Eos Petro, Inc. (OTCBB:EOPT) entered into a definitive agreement to acquire Dune Energy Inc. (OTCPK:DUNR) for $22.1 million in cash on September 17, 2014. As per the terms of offer, Eos Petro will pay $0.3 per share for all the common shares and deferred share units of Dune Energy Inc and assume all the debt and the offer will commence no later than October 9, 2014. The tender offer will expire on the 20th business day following. Following the completion of the tender offer, if Eos is able to tender 90% of the shares then Eos will complete a short-form merger in which any remaining shares of the Dune Energy will be converted into the right to receive the same price per share. Eos has obtained debt commitment of upto $175 million and equity commitment of $75 million to fund the transaction.
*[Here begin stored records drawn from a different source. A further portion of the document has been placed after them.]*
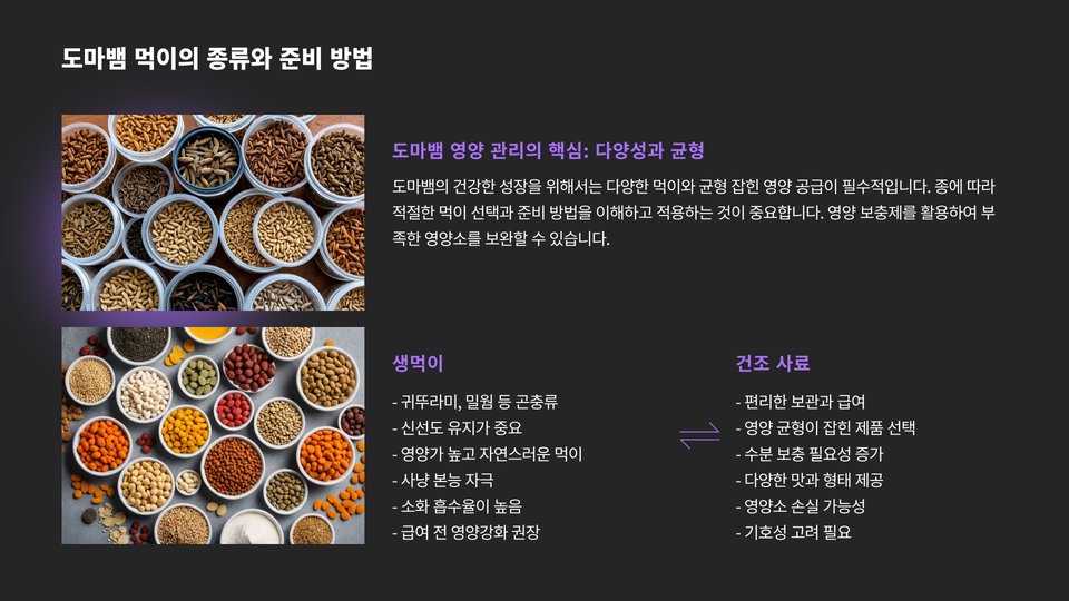 - 정확한 급여량과 다양한 음식을 제공하여 도마뱀의 건강을 증진시키는 것이 중요함.
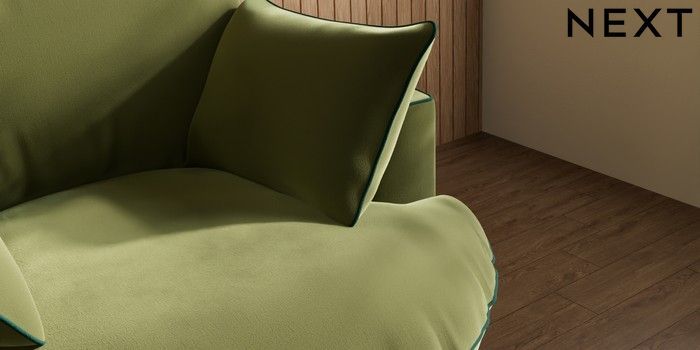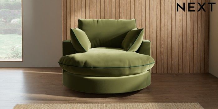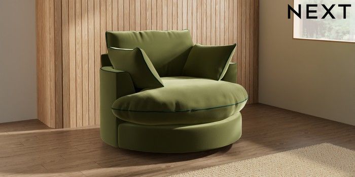 7.3.1 Buy Noa Deep Relaxed Sit Swivel Chair Plush Velvet with Contrast Mid Olive Grn with Bottle Grn Built In Foot/Leg Missing from the Next UK online shop
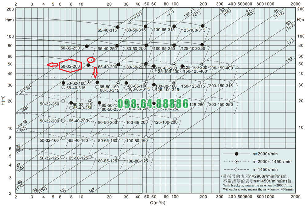 Đường cong hiệu suất của máy bơm nước li tâm trục ngang cánh hở IHK50-32-200

Eos will negotiate with the management team at Dune to have them become a part of Eos' management team and expects James Watt to become the President and Chief Executive Officer of Eos at the closing of the merger. The Board of Directors of Dune Energy and Eos Petro unanimously approved the agreement and recommends that the Dune Energy's stockholders to tender their shares. The deal will be terminated if not complete on or before December 31, 2014. If the deal is terminated due to failure of obtaining financing by Eos, then Eos will pay $5.5 million as termination fees and if the deal is terminated by Dune Energy due to a superior offer, then Dune Energy will pay termination fees of $3.5 million. The closing of the tender offer is subject to certain conditions including minimum tender, and other customary conditions. There is no financing condition to the Offer. As on October 9, 2014, tender offer has commenced. The offer is scheduled to expire on November 6, 2014, unless extended.

As announced on November 7, 2014, the expiration of the tender offer is extended to November 20, 2014. On November 20, 2014, Eos and Dune entered into a letter agreement which amended the merger agreement to further extend the expiration date of the tender offer to December 22, 2014 and permit Dune to solicit potential acquisition proposals. The company and Eos are negotiating potential revised terms for the merger agreement of the merger. The parties have agreed to extend the tender offer to January 15, 2015 in order to allow the parties additional time to reach an agreement on revised terms to the merger agreement for the tender offer and merger. If the parties are able to agree on revised terms, the tender offer will remain open for a minimum of ten business days from the date such revised terms are agreed. As on January 16, 2015 tender offer to acquire all of the outstanding shares of common stock of Dune was extended to Friday, January 23, 2015. As per the amendment on January 23, 2015, tender offer to acquire all of the outstanding shares of common stock of Dune was extended to January 30, 2015. As on January 30, 2015, a total of approximately 72.28 million shares or 98.73% of outstanding shares had been validly tendered, satisfying the minimum tender condition. As on February 2, 2015, the tender offer was extended to February 6, 2015. As on February 5, 2015, 62.3 million shares were validly tendered. On February 6, 2015, Eos and Dune executed a seventh amendment to the Merger Agreement to extend the expiration date of offer to February 13, 2015. As on February 9, 2015, the tender offer was extended to February 13, 2015. The transaction is expected to close on March 8, 2015. As on February 13, 2015, the tender offer was extended to February 20, 2015. As of February 23, 2015, Dune Energy and Eos Petro announced that they have agreed to extend the expiration of the tender offer to acquire all of the outstanding shares of common stock of Dune to February 24, 2015.
Eos Petro, Inc. announced that both parties have agreed to extend the expiration of the tender offer to acquire all of the outstanding shares of common stock of Dune to Friday, February 27, 2015 at 12:00 Midnight, New York City time to allow the parties additional time to negotiate revised terms to the Merger Agreement.

Michael Dickman of Perella Weinberg Partners LP acted as a financial advisor to Dune Energy Inc., Bill Nelson, Ricardo Garcia-Moreno, Joe Vilardo, Jesse Gelsomini, Bob Thibault, W. Scott Wallace, Mary Mendoza, Simin Sun, Kristina Trauger, Valisa Berber-Thayer, John Eldridge and Kraig Grahmann of Haynes and Boone, LLP acted as a legal advisor to Dune Energy Inc., Global Hunter Securities, LLC acted as a financial advisor to Eos Petro, Inc. and Jeffrey Berg of Baker & Hostetler LLP acted as a legal advisor to Eos Petro, Inc. Okapi Partners, LLC is acting as information agent to the offer. Michael Briola of Anubis Partners, LLC acted as financial advisor for Eos Petro, Inc. Okapi Partners LLC acted as the information agent for Dune Energy and American Stock Transfer & Trust Company, LLC acted as the depository bank for Eos Petro, Inc.

Eos Petro, Inc. (OTCPK:EOPT) cancelled the acquisition of Dune Energy Inc. (OTCPK:DUNR) on March 4, 2015. Eos Petro was unable to secure sufficient financing to fund the offer as of the extended expiration time and no shares of Dune were purchased in the tender offer.